Tools

Everything Deadrop does in the browser, you can do from a terminal or your own infrastructure. One normative spec, one set of published test vectors, four implementations that all speak it: this site, the CLI, the self-host server, and the crypto library they share.

CLI

Send, receive, request, and claim one-time secrets from any shell. Encryption happens locally; the server only ever sees ciphertext — same guarantee as the website.

npm install -g @deadrop/cli

deadrop send "the secret"                # one-time link, burns on open
deadrop receive "<url>"                  # open and burn
deadrop request "staging DB password"    # ask someone for a secret
deadrop fulfill "<request-url>"          # answer a request
deadrop claim "<claim-url>"              # collect the answer (burns it)

Pipes work the way you'd hope (cat .env | deadrop send), output has --json and --quiet modes for scripting, and passwords prompt without echo. Source on GitHub · npm

Self-host server

Don't want to trust our infrastructure? Don't. The server is a single static Go binary in a ~10 MB image — SQLite storage, no external dependencies, full protocol including the request flow.

docker run -d --name deadrop \
  -p 8080:8080 \
  -v deadrop-data:/data \
  ghcr.io/deadrop-dev/server:latest

deadrop send -s http://localhost:8080 "now it never leaves your network"

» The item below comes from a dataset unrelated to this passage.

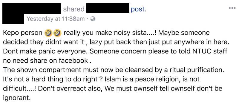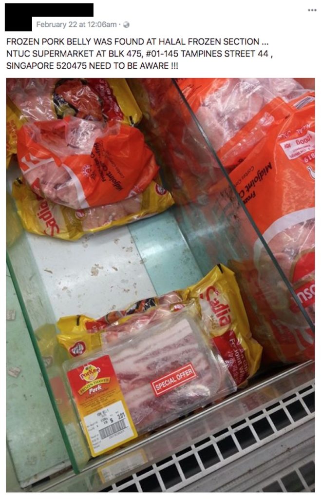 ’Twas much ado about nothing when a lady got so triggered at the sight of a sealed packet of frozen pork in the halal frozen food section that she had to post about it on Facebook (IN ALL CAPS, EVEN). Her post called for fellow Muslims to be aware of the wicked, conniving NTUC Fairprice supermarket in Tampines that dared to trick the innocent into buying pork belly as part of some conspiracy against Muslims.

The CLI and the web client work against any server that honors the spec — point them at yours with -s or DEADROP_SERVER. Source on GitHub

Crypto library

The exact package this site runs in your browser — AES-256-GCM, PBKDF2 password derivation, and the ECDH request flow, built on the Web Crypto API with zero dependencies. Published test vectors pin every implementation to the same bytes.